Recently a friend told me, very sweetly, that she wishes she could put out as much writing as me.
She was feeling bad that a post she’d been working on for several days wasn’t finished yet, when I’ve been putting out a piece every day and delivering client work at the same time.
It reminded me that it’s been a few days since I reminded you that comparison is the thief of joy.
I do write a lot. But I have made lots of intentional decisions to be able to do this: I don’t have an office job, I don’t have children, and I live in an environment that inspires me.
My life is set up for me to write a lot. For many people that is not the case, and that’s FINE. You can still be a writer if you have a 9-to-5, or you have kids, or you live somewhere that doesn’t really inspire you.
You can also still be a writer if you takes a long time to get your work out.
My friend doesn’t write full-time. She’s super smart and has a bad-ass business, in which I would have to spend months doing what she does in a day.
She’s optimised for different things.

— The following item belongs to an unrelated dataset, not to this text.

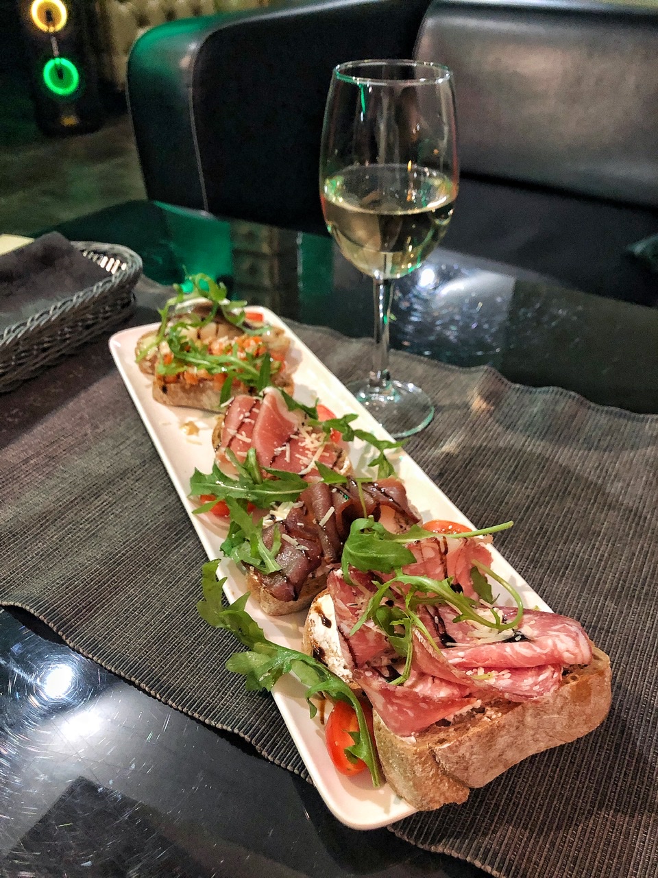 - ассорти брускетт: чиабатта, сыр (креметте, пармезан), говядина с/к, пармская ветчина, салями, лосось, анчоусы, руккола, черри (285/40)

That doesn’t mean she’s a bad writer; it means there are several hours in her work day where she can’t be writing.
When writing is literally all you have to do with your productive hours, you can produce a whole lot of work, especially once you’ve been doing it a while.

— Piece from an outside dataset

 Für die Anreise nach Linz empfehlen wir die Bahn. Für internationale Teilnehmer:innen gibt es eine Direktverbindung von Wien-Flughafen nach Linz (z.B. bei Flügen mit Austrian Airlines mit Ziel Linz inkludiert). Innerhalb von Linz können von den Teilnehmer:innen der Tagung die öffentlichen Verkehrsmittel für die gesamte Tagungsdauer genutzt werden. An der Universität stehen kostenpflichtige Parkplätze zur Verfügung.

I’ve been writing full-time since 2013 — I have enough experience to know how much time something is likely to take me, and I can control my workflow so that I can guarantee I always have enough time.
Please, please don’t feel bad about your writing because you do it differently to someone else.
JK Rowling took 6 years to write the first Harry Potter book. Michael Crichton took 8 years with Jurassic Park. Junot Diaz took 10 years with The Brief, Wondrous Life of Oscar Wao. Patrick Rothfuss took 15 years to write The Name of the Wind.
You can write slowly, and still be a great writer. You can write your pieces in a completely different order to what you were taught or how others do it, and still be a great writer. You can dictate your whole piece, and still be a great writer.
The work will come when you’re good and gosh darn ready, and it will be better because you’ve done it in the way that’s right for you.